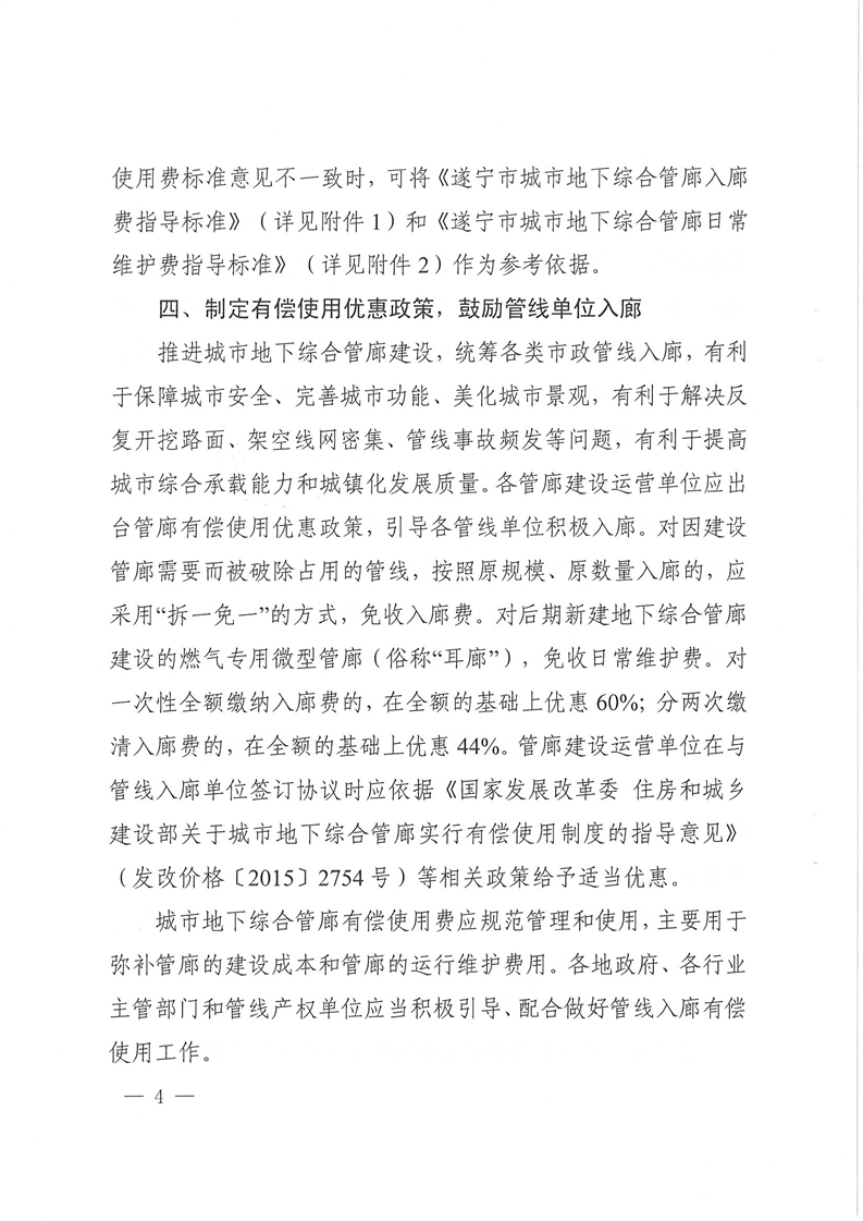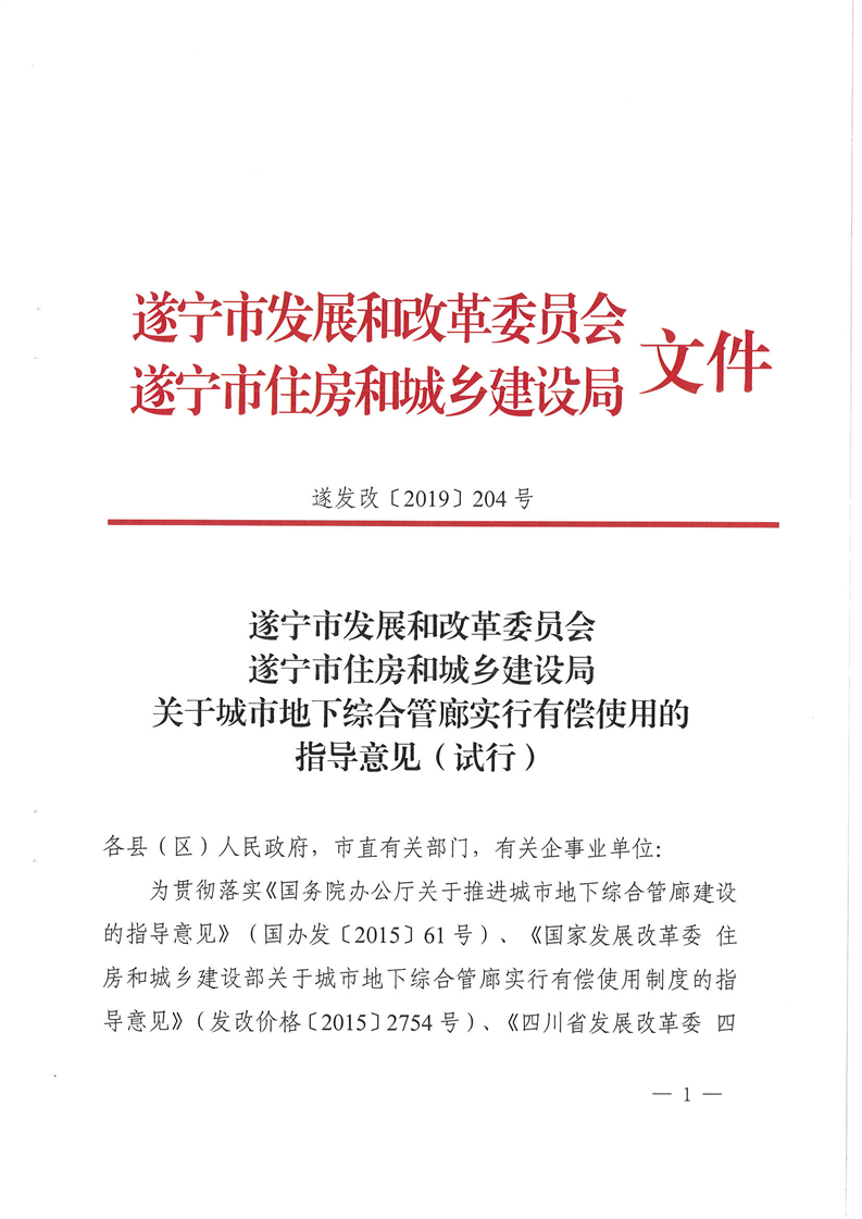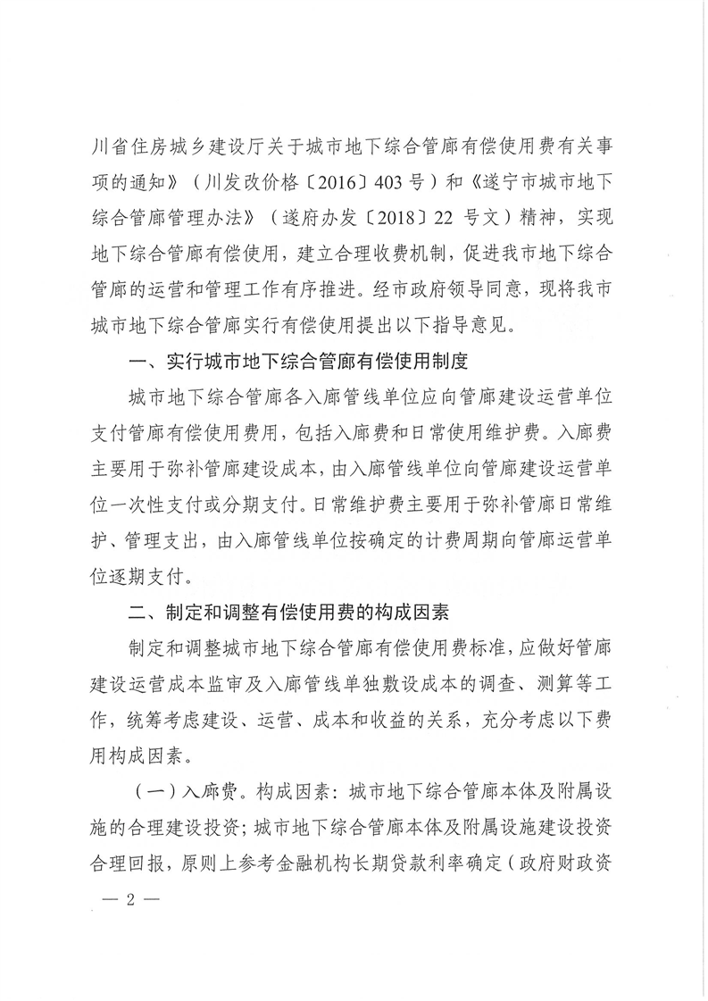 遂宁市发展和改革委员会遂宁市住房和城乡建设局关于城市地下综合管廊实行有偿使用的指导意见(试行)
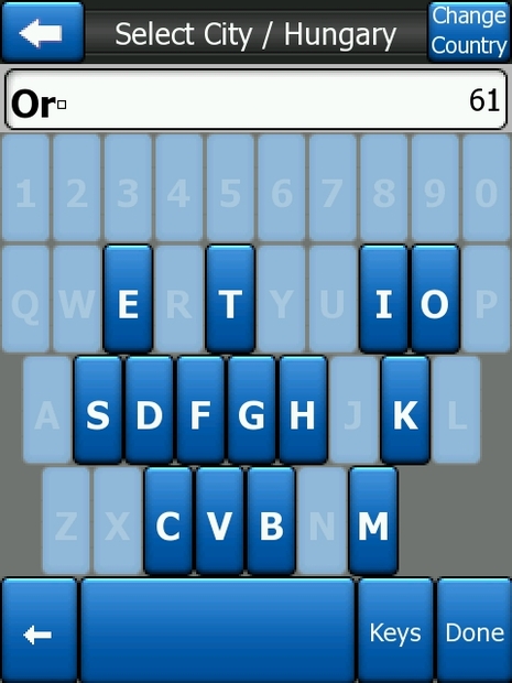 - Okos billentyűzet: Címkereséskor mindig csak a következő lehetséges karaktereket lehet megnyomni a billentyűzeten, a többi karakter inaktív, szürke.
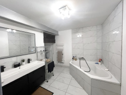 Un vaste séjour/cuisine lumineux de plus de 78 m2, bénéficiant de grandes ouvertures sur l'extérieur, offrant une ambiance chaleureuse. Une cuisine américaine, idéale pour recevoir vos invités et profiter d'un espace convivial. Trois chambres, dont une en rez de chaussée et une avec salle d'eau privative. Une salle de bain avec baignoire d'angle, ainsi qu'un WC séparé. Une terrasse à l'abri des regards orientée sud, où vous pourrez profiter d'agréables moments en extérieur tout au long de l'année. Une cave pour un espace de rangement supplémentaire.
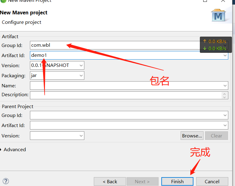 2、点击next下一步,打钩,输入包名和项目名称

**What is expected:**
Nothing but the lines from the line containing "- Okos billentyűzet: Címkereséskor" through the end of the data, both ends included, is to be reproduced, exactly as written and without the pictures.

**Result:**
 - Okos billentyűzet: Címkereséskor mindig csak a következő lehetséges karaktereket lehet megnyomni a billentyűzeten, a többi karakter inaktív, szürke.
 Un vaste séjour/cuisine lumineux de plus de 78 m2, bénéficiant de grandes ouvertures sur l'extérieur, offrant une ambiance chaleureuse. Une cuisine américaine, idéale pour recevoir vos invités et profiter d'un espace convivial. Trois chambres, dont une en rez de chaussée et une avec salle d'eau privative. Une salle de bain avec baignoire d'angle, ainsi qu'un WC séparé. Une terrasse à l'abri des regards orientée sud, où vous pourrez profiter d'agréables moments en extérieur tout au long de l'année. Une cave pour un espace de rangement supplémentaire.
 2、点击next下一步,打钩,输入包名和项目名称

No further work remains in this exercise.